_EXERCISE BRIEF_. Your copy of the data should match it exactly, leaving out only the pictures.

_PROVIDED MATERIAL_.
·····

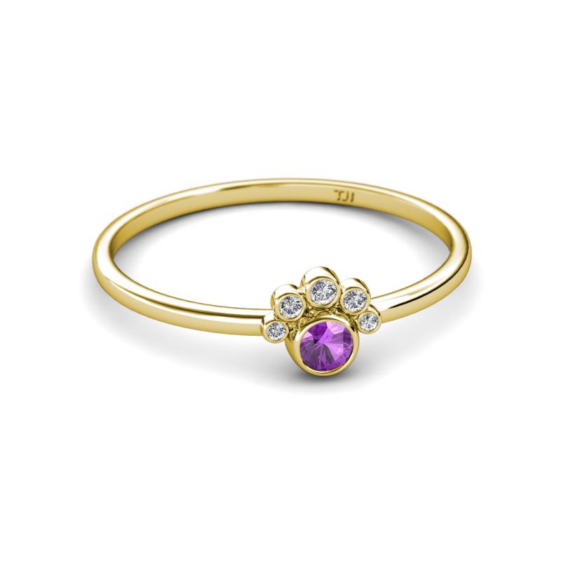 Round Amethyst and Diamond Womens Paw Print Promise Ring 0.13 ctw 18K Yellow Gold More Details ...
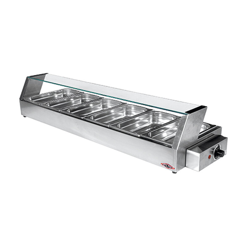 bain marie warmhoudvitrine uitgevoerd in roestvrijstaal met veiligheidsglas en thermostatisch instelbaar, geschikt voor 1/3GN bakken van max. 40mm diep, wordt zonder GN bakken geleverd
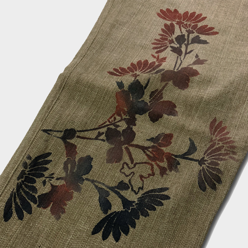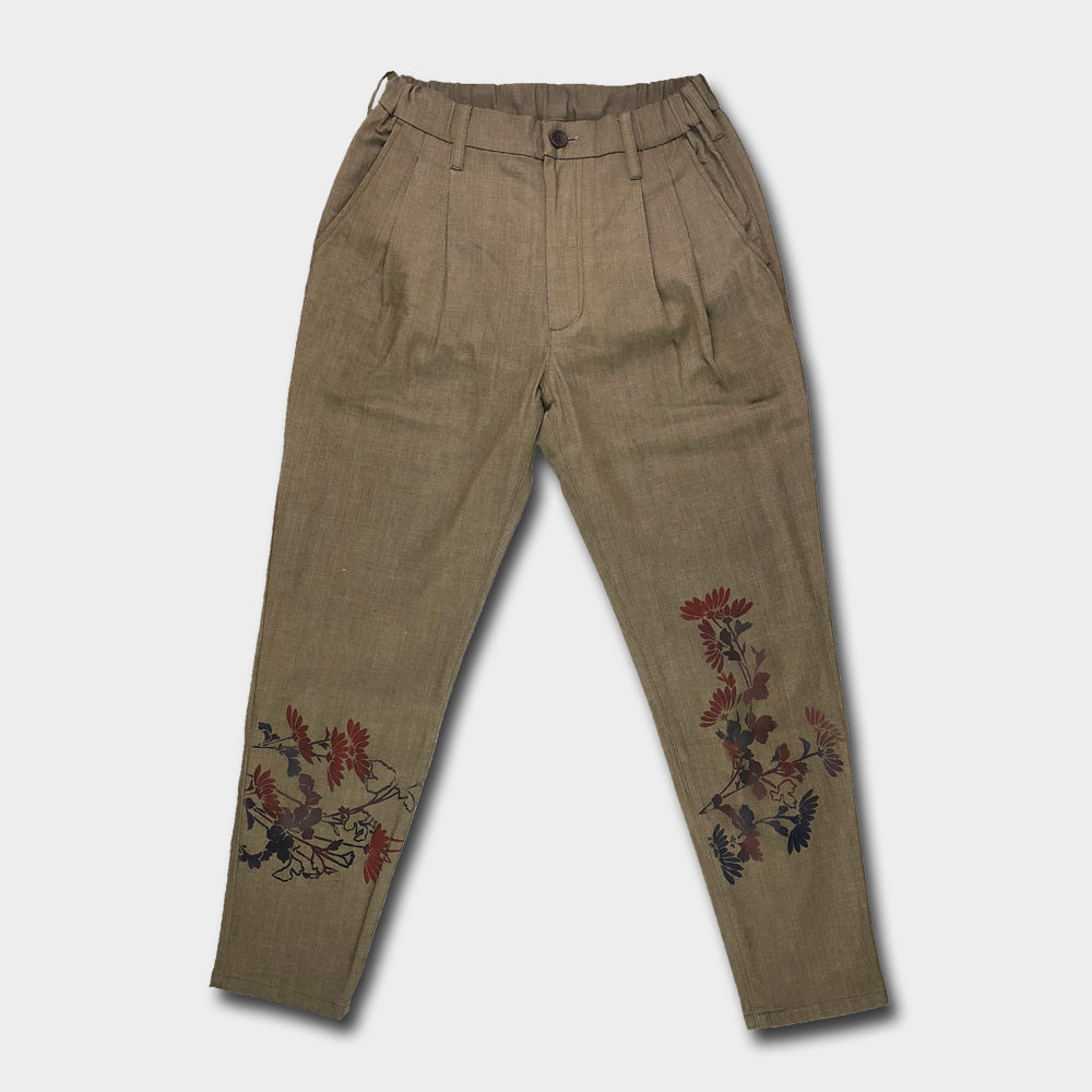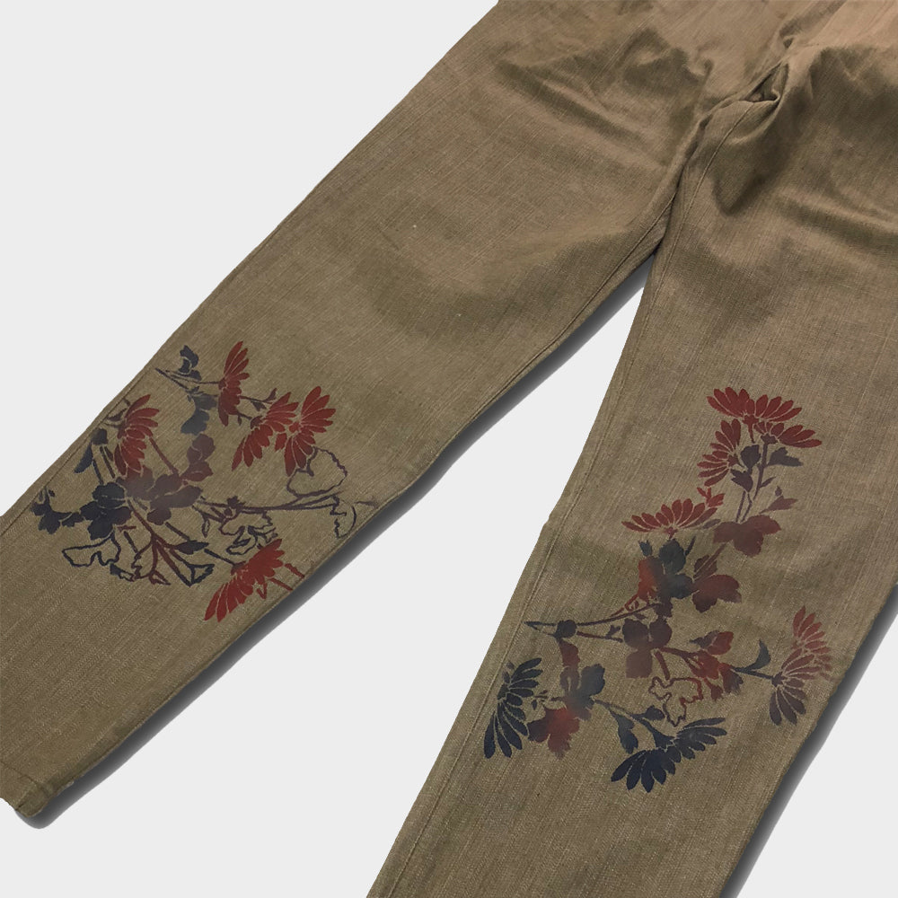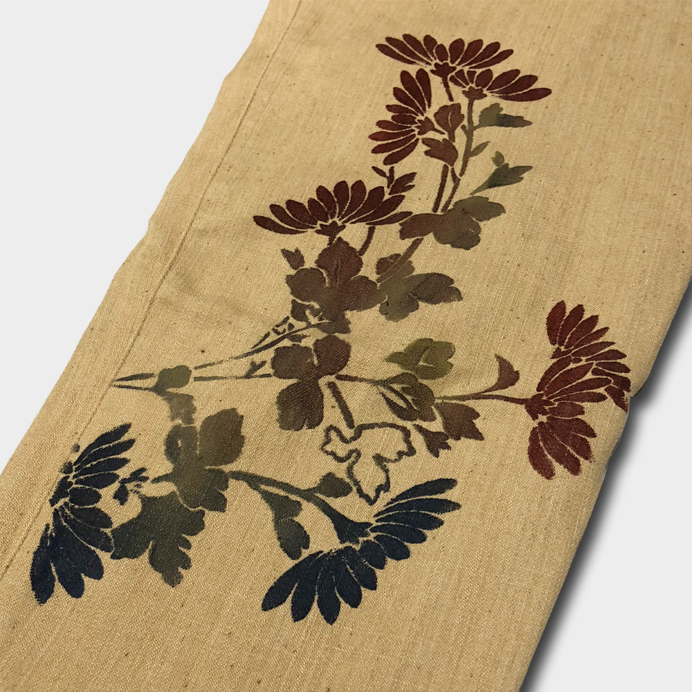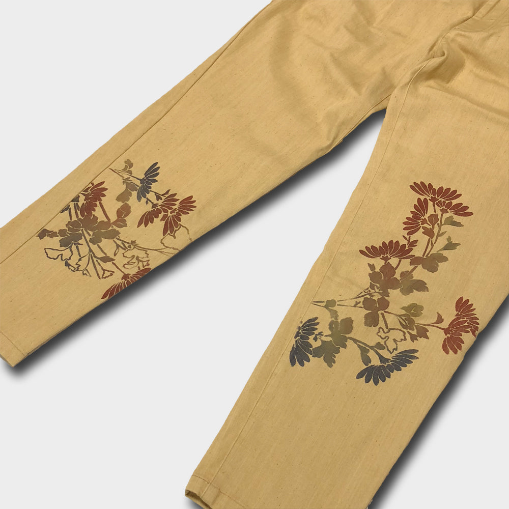 主衣のコーディネートに一役買ってくれるデザインパンツは、刷毛を使い色を刷り込む技法で「菊」を表現してあり、コーディネートにもさりげない存在感が使いやすい作品です。

·····

_SOLUTION TO THIS TASK_.
 Round Amethyst and Diamond Womens Paw Print Promise Ring 0.13 ctw 18K Yellow Gold More Details ...
 bain marie warmhoudvitrine uitgevoerd in roestvrijstaal met veiligheidsglas en thermostatisch instelbaar, geschikt voor 1/3GN bakken van max. 40mm diep, wordt zonder GN bakken geleverd
 主衣のコーディネートに一役買ってくれるデザインパンツは、刷毛を使い色を刷り込む技法で「菊」を表現してあり、コーディネートにもさりげない存在感が使いやすい作品です。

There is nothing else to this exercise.